The color-coding (yellow = low prices, dark purple = high prices) highlights clear clusters of high-value properties.  
Listings above 10 Miliar IDR are concentrated in the northern and central-northern districts of Bandung.  

**Premium Residential Areas Identified:**  
- **Dago (Coblong/Cidadap):** Widely recognized as Bandung’s most expensive area, especially near the city core.  
- **Ciumbuleuit (Cidadap):** Known for luxury homes, apartments, and proximity to universities.  
- **Setiabudi (Setiabudi District):** A premium corridor, particularly along the main road.  
- **Northern Suburbs (Cimenyan, Ciburial Village, Lembang):** High land values driven by tourism and luxury developments.  

**Conclusion:**  
The visualization successfully validates the known geography of wealth in Bandung.  
The spatial data (latitude and longitude) is reliable and consistent with external market reports.  


## Limitations and Possibilities

## 1. Limitations of the Current Analysis

While this dataset provides a valuable "signal" of the Bandung property market, it is important to acknowledge three critical limitations in its current state:

### A. The "Static Snapshot" Limitation (Temporal Bias)
Currently, the data represents a single window of time (September–October 2025).
* **No Velocity:** A snapshot has no movement. We cannot tell if prices in Bandung are currently rising (appreciating) or falling (crashing).
* **No Seasonality:** Real estate markets often fluctuate based on the time of year (e.g., higher activity during school holidays). This 2-month sample cannot capture those annual cycles.
* **Unknown "Time-on-Market":** We cannot distinguish between fresh listings and "stale" listings that have been sitting unsold for months because they are overpriced.

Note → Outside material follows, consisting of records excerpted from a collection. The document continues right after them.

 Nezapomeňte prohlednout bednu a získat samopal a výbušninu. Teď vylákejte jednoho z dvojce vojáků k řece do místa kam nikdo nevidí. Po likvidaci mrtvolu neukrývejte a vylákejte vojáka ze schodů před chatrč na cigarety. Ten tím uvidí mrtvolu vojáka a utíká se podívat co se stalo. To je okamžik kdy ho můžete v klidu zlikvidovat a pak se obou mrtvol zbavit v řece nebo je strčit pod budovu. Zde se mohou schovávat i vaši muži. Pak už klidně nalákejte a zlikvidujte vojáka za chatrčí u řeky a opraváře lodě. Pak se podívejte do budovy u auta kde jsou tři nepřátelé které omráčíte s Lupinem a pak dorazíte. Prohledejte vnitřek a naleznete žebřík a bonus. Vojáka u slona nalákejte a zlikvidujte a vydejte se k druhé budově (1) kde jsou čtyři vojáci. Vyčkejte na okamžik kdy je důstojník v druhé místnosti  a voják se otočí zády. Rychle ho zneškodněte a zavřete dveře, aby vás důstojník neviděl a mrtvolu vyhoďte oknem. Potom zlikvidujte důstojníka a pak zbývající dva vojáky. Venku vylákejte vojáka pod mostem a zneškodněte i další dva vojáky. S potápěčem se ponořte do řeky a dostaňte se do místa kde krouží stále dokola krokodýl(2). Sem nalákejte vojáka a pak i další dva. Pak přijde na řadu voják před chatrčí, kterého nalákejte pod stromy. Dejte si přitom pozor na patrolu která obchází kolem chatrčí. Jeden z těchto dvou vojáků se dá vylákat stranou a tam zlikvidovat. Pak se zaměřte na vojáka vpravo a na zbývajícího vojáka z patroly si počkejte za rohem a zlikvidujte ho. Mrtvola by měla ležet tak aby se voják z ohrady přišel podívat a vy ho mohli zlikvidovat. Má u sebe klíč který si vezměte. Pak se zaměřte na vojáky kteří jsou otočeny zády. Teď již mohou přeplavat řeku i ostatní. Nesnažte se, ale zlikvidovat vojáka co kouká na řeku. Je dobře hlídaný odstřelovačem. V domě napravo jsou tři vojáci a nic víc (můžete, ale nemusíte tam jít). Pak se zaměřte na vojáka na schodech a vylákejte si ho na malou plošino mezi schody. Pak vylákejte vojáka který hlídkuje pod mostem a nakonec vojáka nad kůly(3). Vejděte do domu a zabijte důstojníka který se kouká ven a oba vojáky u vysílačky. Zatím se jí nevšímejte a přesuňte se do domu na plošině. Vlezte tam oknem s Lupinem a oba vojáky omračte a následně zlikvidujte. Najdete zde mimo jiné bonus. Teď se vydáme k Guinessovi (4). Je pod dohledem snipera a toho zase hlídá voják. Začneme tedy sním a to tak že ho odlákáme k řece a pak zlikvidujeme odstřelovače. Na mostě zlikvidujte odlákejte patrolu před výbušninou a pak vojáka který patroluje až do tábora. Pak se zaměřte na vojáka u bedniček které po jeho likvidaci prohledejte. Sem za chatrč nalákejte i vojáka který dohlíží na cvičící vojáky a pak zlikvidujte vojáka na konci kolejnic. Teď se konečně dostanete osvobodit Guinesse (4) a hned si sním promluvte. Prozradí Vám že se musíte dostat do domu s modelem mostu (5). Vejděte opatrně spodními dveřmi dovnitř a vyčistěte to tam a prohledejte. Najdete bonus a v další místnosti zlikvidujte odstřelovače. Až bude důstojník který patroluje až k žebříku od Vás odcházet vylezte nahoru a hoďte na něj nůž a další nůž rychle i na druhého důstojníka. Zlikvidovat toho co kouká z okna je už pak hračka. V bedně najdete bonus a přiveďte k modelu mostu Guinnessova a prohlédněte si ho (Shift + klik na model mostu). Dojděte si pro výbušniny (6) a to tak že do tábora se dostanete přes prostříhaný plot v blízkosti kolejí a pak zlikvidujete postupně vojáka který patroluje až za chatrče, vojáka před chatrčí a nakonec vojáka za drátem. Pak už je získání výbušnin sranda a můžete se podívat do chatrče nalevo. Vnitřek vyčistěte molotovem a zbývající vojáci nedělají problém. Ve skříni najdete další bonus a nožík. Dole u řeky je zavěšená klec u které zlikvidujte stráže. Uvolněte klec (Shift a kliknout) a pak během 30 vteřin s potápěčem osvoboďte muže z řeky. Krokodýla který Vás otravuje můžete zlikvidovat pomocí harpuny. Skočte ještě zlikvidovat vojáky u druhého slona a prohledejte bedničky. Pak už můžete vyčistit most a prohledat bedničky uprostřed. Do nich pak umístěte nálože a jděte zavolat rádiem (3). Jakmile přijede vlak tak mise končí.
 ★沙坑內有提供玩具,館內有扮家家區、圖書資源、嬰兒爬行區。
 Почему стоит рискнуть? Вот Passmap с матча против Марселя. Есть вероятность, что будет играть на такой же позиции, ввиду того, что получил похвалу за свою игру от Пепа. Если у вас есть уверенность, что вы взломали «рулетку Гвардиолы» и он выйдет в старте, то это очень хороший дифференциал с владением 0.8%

### B. The "Asking Price" Bias
The dataset consists entirely of **Listing Prices** (what sellers *want*), not **Transaction Prices** (what buyers actually *pay*).
* **Sentiment vs. Reality:** Asking prices represent seller aspiration. Final sales prices are typically 5–15% lower after negotiation.
* **The "Upward Skew":** Consequently, our calculated averages likely overestimate the true cost of housing in Bandung.

### C. The "District Grouping" Issue (Spatial Granularity)
In our analysis, we grouped homes by `Kecamatan` (District).
* **Hidden Heterogeneity:** A district like *Coblong* contains both ultra-luxury villas (Dago Atas) and dense student housing. Averaging them into a single number hides the massive variety within the district. Real estate value is often defined by specific streets, not broad administrative borders.

---

## 2. Roadmap: Future Possibilities for Improvement

To transform this project from a descriptive analysis into a predictive engine, we propose the following advancements:

### A. Longitudinal Data Collection (Time-Series)
**Goal:** Collect data consistently over a 12-month period.
* **Why it matters:** This would allow us to build a **Market Trend Index**. We could answer questions like *"Is Gedebage heating up?"* or *"Are prices in Setiabudi stagnating?"*
* **Gentrification Detection:** By tracking price changes over time, we could identify neighborhoods that are rapidly becoming expensive, spotting investment opportunities before the general market does.

### B. Econometric Modeling: The Hedonic Pricing Model
**Goal:** Move beyond simple averages to a multivariate regression model that explains *why* a house costs what it costs.

**1. What is a Hedonic Model?**
In economics, the "Hedonic" theory treats a house not as a single object, but as a **"Bundle of Attributes"** (like a shopping cart full of different items).
* **The Theory:** A buyer isn't just buying "a house"; they are buying specific amounts of utility: 200m² of land, 3 bedrooms, 1 garage, and 10 minutes of saved commute time.
* **The Math:** The model uses regression analysis to assign a specific "Price Tag" (Coefficient) to each of these attributes.
    * *Formula:* $Price = (Size \times A) + (Bedrooms \times B) + (Location \times C) + Error$

**2. The Output (The "Why")**
Instead of just predicting a price, this model gives us explanatory power. It can quantify the marginal value of specific features in the Bandung market:
* *"Each additional bedroom adds **50 Million IDR** to the property value."*
* *"Each kilometer further from Gedung Sate reduces the value by **5%**."*
* *"Properties with 'Main Road Access' command a **20% premium** over those in alleys."*

**3. Implementation Requirements (What We Need)**
To build this model, we need to upgrade our data collection to capture more than just the basics:
* **Granular Location:** Calculate precise distances to key landmarks (e.g., Toll Gates, CBD, Universities, Malls).
* **Quality Attributes:** Scrape specific text details: *Does it have a swimming pool? Is it furnished? How wide is the access road (masuk mobil)?*
* **Structural Details:** Number of floors, electricity capacity (watts), and certification type (SHM vs. HGB)."*

### C. Advanced Spatial Analytics (Heatmaps)
**Goal:** Abandon administrative borders in favor of **Kernel Density Estimation (KDE)**.
* **The Concept:** Instead of coloring a whole district one color, we plot a smooth "weather map" of prices.
* **The Output:** This would reveal precise "Hot Zones" (e.g., a cluster of expensive homes around a specific international school) that might otherwise be invisible on a standard district map.